Позже я снова встретила его уже в консерватории, и это уже было более личное общение. Олег Сергеевич, кстати, как-то особенно вдохновился нашей компанией, частью нашего курса. Это уже были 90-е, в Москве бурно развивалась культурная жизнь, он ходил с нами на выставки, рассказывал про итальянское кино – Феллини, Антониони - придумал для нас специальный факультатив по поэзии… Все это формировало вкус за пределами чисто музыкального. И тогда ещё глубже раскрылась та часть профессии, которая связана с эстетикой, литературой, языком. Я всегда тяготела именно туда, в сторону поиска смыслов – будь то музыка, кино или литература.
Консерватория
А.:
А каково вам было учиться в консерватории?
О.Б.:
Ой, интересный вопрос. Знаешь, если сравнивать, то в 80-е годы, по крайней мере по моему ощущению, в училище было учиться сложнее, чем в консерватория. И сложнее оно было не в академическом смысле, а по самому устройству процесса. Здесь ты каждый день что-то должен делать. Это немножко сохраняло школьный ритм: задаётся задание — и ты должен его выполнить.

В консерватории, конечно, тоже есть регулярная работа, индивидуальные занятия, но все-таки это в большей степени вузовская система, где можно жить от зачета до зачета, от сессии до сессии. Так что по сравнению с училищем первые года два я просто отдыхала. У меня такое чувство, что я просто сидела на широких подоконниках напротив буфета, болтала ножками — и при этом неплохо училась. Знаний, полученных в училище, мне на тот момент хватало с избытком, чтобы чувствовать себя вполне уверенно.
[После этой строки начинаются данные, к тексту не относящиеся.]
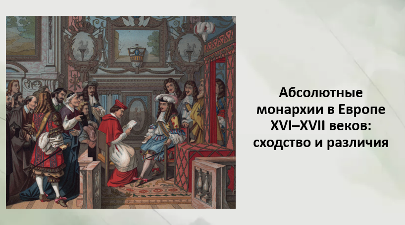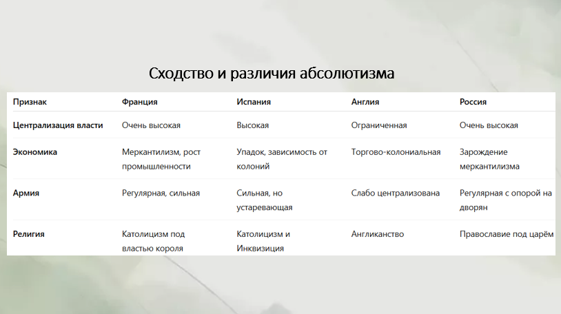 3. Абсолютные монархии в Европе XVI—XVII вв.: сходство и различия. С помощью Интернета или дополнительной литературы проведите сравнительный анализ абсолютизма в европейских странах (бюрократический аппарат, участие государства в экономической жизни страны, армия, религия). Подготовьте презентацию. Сделайте выводы.
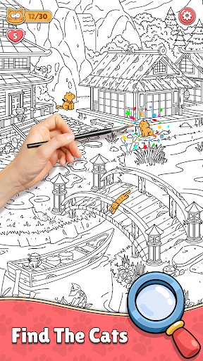 Cats are often hidden in small details or blend in with the surrounding scenery, requiring players to focus and pay close attention. You can use the zoom function to see each small detail in the picture more clearly. In addition, if you have difficulty finding them, the game provides hints to help players overcome difficult challenges.
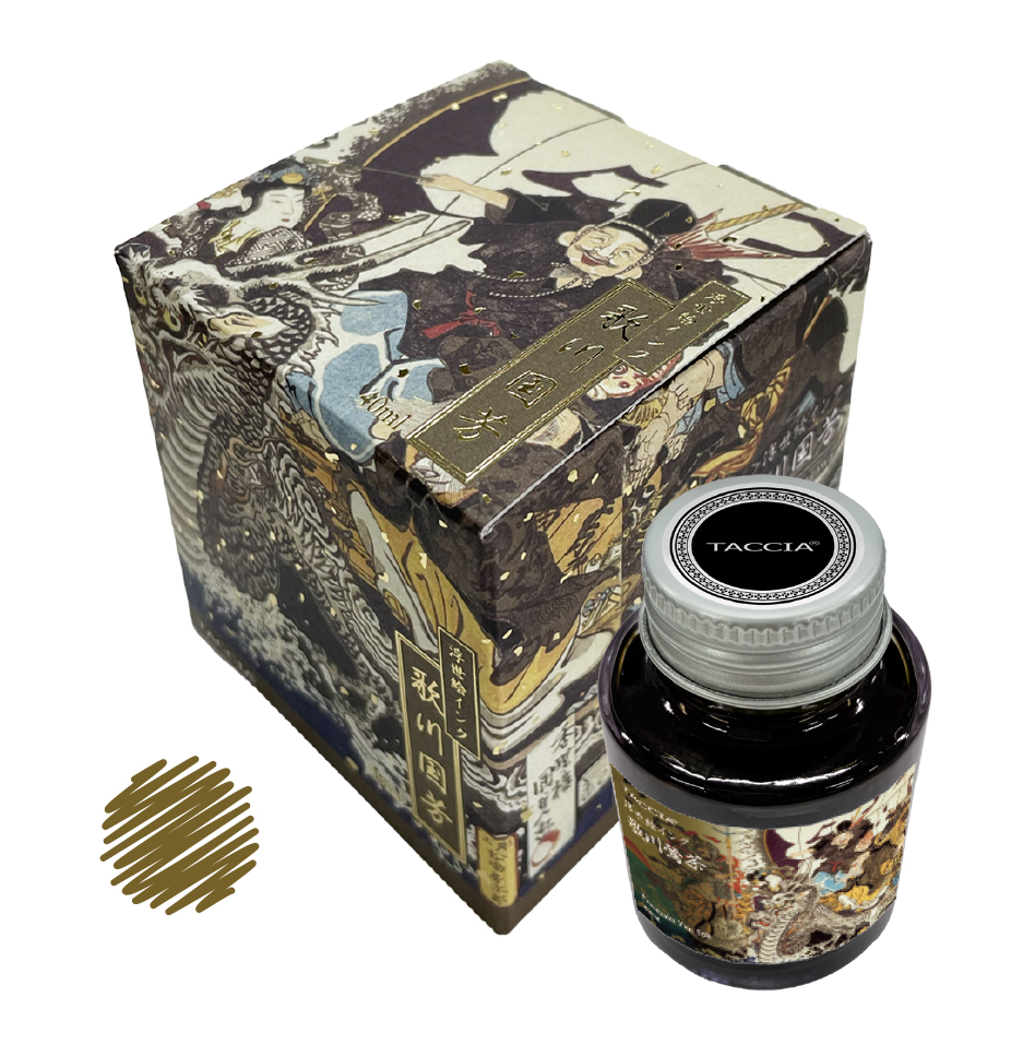 「浮世絵インク 歌川国芳」は、浮世絵作品から色の着想を得てカラー調色した万年筆用・水性染料インクシリーズです。文具ソムリエの石津 大氏がプロデュース、カラーコンサルタントの松本 英恵氏がカラー監修を行っています。 インクは安全性の高い原材料を使用し、国内で開発・製造しています。
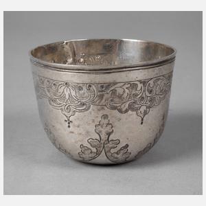 18. Jh., unleserlich gepunzt "CB"?, fein getrieben und graviert mit Blattranken und Ornamentbändern, nach innen gewölbter Boden, verstärkter Lippenrand, innen Vergoldung verputzt, eine kleine alte Reparaturstelle am Rand, sonst guter altersgemäßer Zustand, H 5,5 cm, G ca. 63 g.
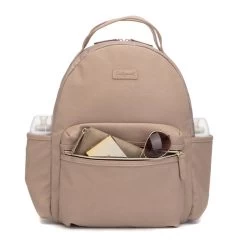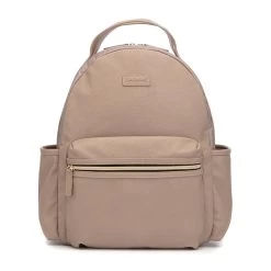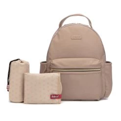 Looking for a stylish yet lightweight nappy backpack? This Babymel Lola Vegan Leather Nappy Backpack is a gorgeous Almond hue, is made from premium vegan leather. This material is water resistant and durable yet lightweight. This impressive baby nappy bag is comfy to wear all day thanks to the cushioned padded back panel and shoulder straps. With plenty of pockets inside and out, the Lola helps keep you organised and looking stylish! Complete with a padded changing mat and bottle holder, you are ready for whatever adventure you have in store with bubs!
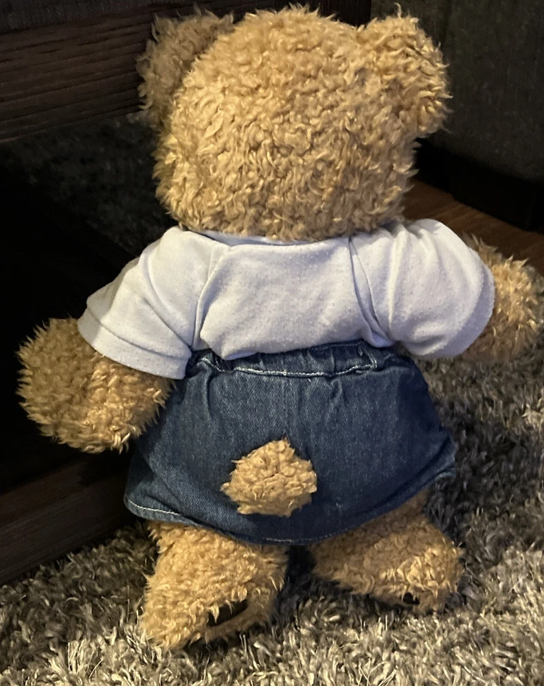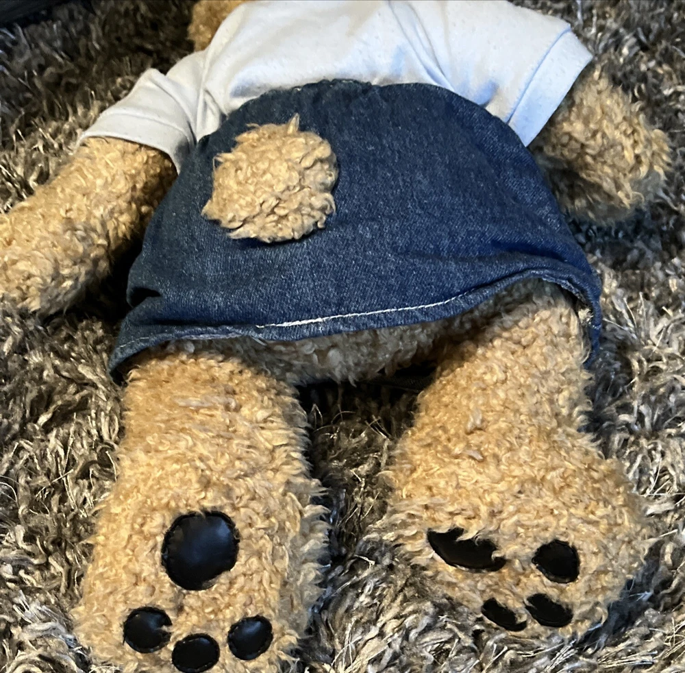 This adorable 14” teddy bear from Build-A-Bear Workshop is perfect for any occasion. He is a plush bear with a hand-stuffed feature, making him extra cuddly. He comes dressed in a cute shirt and jeans, ready to be played with or displayed. This bear is part of the Build a Bear collection and is made in China. He is a great gift for bear lovers of all ages.
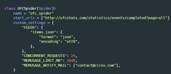 A spider is a Python class, which inherits from the Spider class (from the Scrapy module). Spiders must have two required properties: name and start_urls. The start_urls property specifies in which URLs the spider will start crawling data. Also, spiders can have another property called custom_settings, where you specify, among other settings, how the data is saved after scraping.

Но потом начались специализации, и стало понятно, что нужно включаться всерьёз. Хотя это не обязательно было связано с количеством знаний — скорее с их глубиной. Помню, еще на 1 курсе у нас был очень сложный экзамен по Бетховену. Надо было знать огромное количество его произведений в деталях. Никаких слуховых заданий, угадываний или викторин — просто тебе дают ноты, открывают на любой странице, а ты должен сказать: что это? Мы даже хитрили и запоминали инвентарные номера, напечатанные внизу на страницах — так, чтобы по цифрам узнать, например, из какого это тома соната. Но сама по себе консерватория не казалась сложнее, потому что понимание профессии уже было.

Бывали и неожиданные яркие эпизоды, не связанные с учебой. Например, однажды, на третьем курсе, во время очень сложной зимней сессии, нас с моей подругой Мариной, которая теперь в Кембридже, освободили от экзаменов. А почему? Проходила очередная перепись населения, и в ней нужно было задействовать студентов. Нас выбрали как отличниц, поставили нам «автоматом» пятёрки — и мы целыми днями ходили по району в окрестностях Зоопарка, звонили в двери квартир и записывали данные. (Это был конец 80-х, всё ещё фиксировалось на бумаге). И это было невероятно интересное приключение, с необыкновенными встречами.

Некоторые люди нас пускали в дом, угощали чаем. Помню одного мужчину средних лет — мы заполняли анкету, а он говорит: «А вы не слышите, птички поют?» Мы прислушались — правда, какие-то звуки. Он улыбается: «Пойдёмте, покажу». Открывает дверь — а там целая комната, уставленная огромными клетками. Разные попугаи фантастических оттенков, редких пород. Комната выглядела как домашний птичий вольер. Вот такое неожиданное и незабываемое воспоминание. И оно было не одно.
А ещё именно в консерватории я встретила Евгения Михайловича Левашова — человека, который сыграл огромную роль в моей профессиональной жизни. Он преподавал на кафедре русской музыки, и с его темы началась моя дипломная работа, а потом и диссертация. Обычно в ситуациях выбора (если кто-то вместе со мной на что-то претендовал) я уступала — будь то в детстве пирожок, которым надо поделиться сестрой или предложенная кафедрой тема курсовой. Но в тот раз, когда среди предложенных тем я увидела русскую вокальную балладу, и это была тема Евгения Михайловича, я поняла: не уступлю. Мы с ещё одной девушкой обе хотели попасть к нему. Было пять тем и шесть студентов. Я решила, что буду стоять до конца. В итоге он взял всех шестерых.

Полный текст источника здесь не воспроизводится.